Insurer will not invest hundreds of millions in £5bn scheme after Treasury fails to guarantee returns

Insurer Legal & General has decided against investing hundreds of millions of pounds into building new homes for rent because of the government’s failure to guarantee rent levels.

Last summer the insurance and pensions giant was seen as one of the frontrunners to take part in the government’s private rented sector initiative (PRSI), but is now thought to have gone cold on the idea for the moment.

The news comes as four other groups – Aviva with CBRE, Aegon, Grainger, and a group of private investors led by property entrepreneur Charles Fairhurst – are readying plans to set up funds worth anything up to £5bn.

After publishing a consultation into PRSI last summer, the Treasury decided against guaranteeing a minimum return.

Instead, applicants are likely to receive preferential access to publicly held land to start their schemes. L&G is thought to have decided not to invest as a consequence of these changes.
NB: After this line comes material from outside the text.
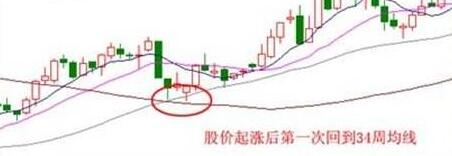 此外,经过长时间调整的股票,其周k线上出现7周均线与14周均线双双跨越34周均线之时,便是黑马标识最为强烈的时候,也是建仓的最佳良机。如图2,宁波华翔在2009年3月的走势便是如此。其次,股价启动后回调、再次与34周均价相触往往是调整到位的重要标识,这表明,第一波的回档已近底部,显示出又一次建仓机遇,而且第二波的上升将远远超过第一波。同时7周均线又一次与14周均线形成黄金交叉,这一标志是黑马第二次腾飞的重要信号。如图3,宁波华翔在2009年8月回调至34周均线并在次启动。

the private rented sector initiative will see at least £5bn invested in rented housing

sir bob kerslake, HCA

L&G said in a statement that it had “always been supportive of government initiatives for the private rental sector”, but declined to say if it would bid.

It is thought some of the other four frontrunners will set out their initial intentions at Mipim, the annual property exhibition in Cannes, next week.

Sir Bob Kerslake, chief executive of the Homes and Communities Agency, which is leading the initiative, said last week that PRSI would lead to “at least £5bn” invested in rented housing.

The HCA will unveil six sites in London for trialling the PRSI at Mipim. These are: Newington Butts in Southwark; East India Dock Quay in Tower Hamlets; Mildmay hospital in Hackney; Greenwich hospital; the Queen Elizabeth and St Clement’s hospitals in Tower Hamlets.